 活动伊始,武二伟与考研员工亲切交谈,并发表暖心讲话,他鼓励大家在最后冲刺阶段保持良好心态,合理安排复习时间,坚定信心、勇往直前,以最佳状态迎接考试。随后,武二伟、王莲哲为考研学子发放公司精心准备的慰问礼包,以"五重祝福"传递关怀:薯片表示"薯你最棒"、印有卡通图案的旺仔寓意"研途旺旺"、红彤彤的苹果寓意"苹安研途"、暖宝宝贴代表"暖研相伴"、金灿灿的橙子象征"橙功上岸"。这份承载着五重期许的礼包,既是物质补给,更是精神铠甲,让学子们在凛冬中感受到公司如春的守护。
┄┄┄┄┄┄┄┄┄┄
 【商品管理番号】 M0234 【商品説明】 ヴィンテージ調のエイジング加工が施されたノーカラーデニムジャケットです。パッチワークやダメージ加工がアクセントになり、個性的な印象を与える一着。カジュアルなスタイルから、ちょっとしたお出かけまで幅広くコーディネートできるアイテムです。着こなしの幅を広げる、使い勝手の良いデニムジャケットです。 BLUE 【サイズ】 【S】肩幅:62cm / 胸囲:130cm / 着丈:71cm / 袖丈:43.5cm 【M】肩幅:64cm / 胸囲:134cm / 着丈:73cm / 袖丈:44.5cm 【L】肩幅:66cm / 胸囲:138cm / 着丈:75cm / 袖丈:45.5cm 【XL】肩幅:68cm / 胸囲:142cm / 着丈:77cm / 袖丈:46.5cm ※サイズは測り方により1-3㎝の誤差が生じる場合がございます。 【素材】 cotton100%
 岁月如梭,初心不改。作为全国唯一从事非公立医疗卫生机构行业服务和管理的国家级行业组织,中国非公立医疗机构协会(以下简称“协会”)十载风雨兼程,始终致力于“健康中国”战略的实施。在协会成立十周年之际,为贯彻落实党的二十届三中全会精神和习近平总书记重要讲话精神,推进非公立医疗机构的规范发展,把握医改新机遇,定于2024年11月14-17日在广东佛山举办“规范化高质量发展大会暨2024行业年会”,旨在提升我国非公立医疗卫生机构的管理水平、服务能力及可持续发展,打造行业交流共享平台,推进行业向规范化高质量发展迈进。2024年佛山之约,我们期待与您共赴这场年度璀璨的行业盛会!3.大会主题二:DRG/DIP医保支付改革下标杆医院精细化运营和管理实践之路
┄┄┄┄┄┄┄┄┄┄
What the exercise asks:
From the records above, copy only the lines starting with the line that holds "袖丈:46.5cm ※サイズは測り方により1-3㎝の誤差が生じる場合がございます。 【素材】 cotton100%" and going on through the line that holds "岁月如梭,初心不改。作为全国", exactly as written.

Answer to this exercise:
 【商品管理番号】 M0234 【商品説明】 ヴィンテージ調のエイジング加工が施されたノーカラーデニムジャケットです。パッチワークやダメージ加工がアクセントになり、個性的な印象を与える一着。カジュアルなスタイルから、ちょっとしたお出かけまで幅広くコーディネートできるアイテムです。着こなしの幅を広げる、使い勝手の良いデニムジャケットです。 BLUE 【サイズ】 【S】肩幅:62cm / 胸囲:130cm / 着丈:71cm / 袖丈:43.5cm 【M】肩幅:64cm / 胸囲:134cm / 着丈:73cm / 袖丈:44.5cm 【L】肩幅:66cm / 胸囲:138cm / 着丈:75cm / 袖丈:45.5cm 【XL】肩幅:68cm / 胸囲:142cm / 着丈:77cm / 袖丈:46.5cm ※サイズは測り方により1-3㎝の誤差が生じる場合がございます。 【素材】 cotton100%
 岁月如梭,初心不改。作为全国唯一从事非公立医疗卫生机构行业服务和管理的国家级行业组织,中国非公立医疗机构协会(以下简称“协会”)十载风雨兼程,始终致力于“健康中国”战略的实施。在协会成立十周年之际,为贯彻落实党的二十届三中全会精神和习近平总书记重要讲话精神,推进非公立医疗机构的规范发展,把握医改新机遇,定于2024年11月14-17日在广东佛山举办“规范化高质量发展大会暨2024行业年会”,旨在提升我国非公立医疗卫生机构的管理水平、服务能力及可持续发展,打造行业交流共享平台,推进行业向规范化高质量发展迈进。2024年佛山之约,我们期待与您共赴这场年度璀璨的行业盛会!3.大会主题二:DRG/DIP医保支付改革下标杆医院精细化运营和管理实践之路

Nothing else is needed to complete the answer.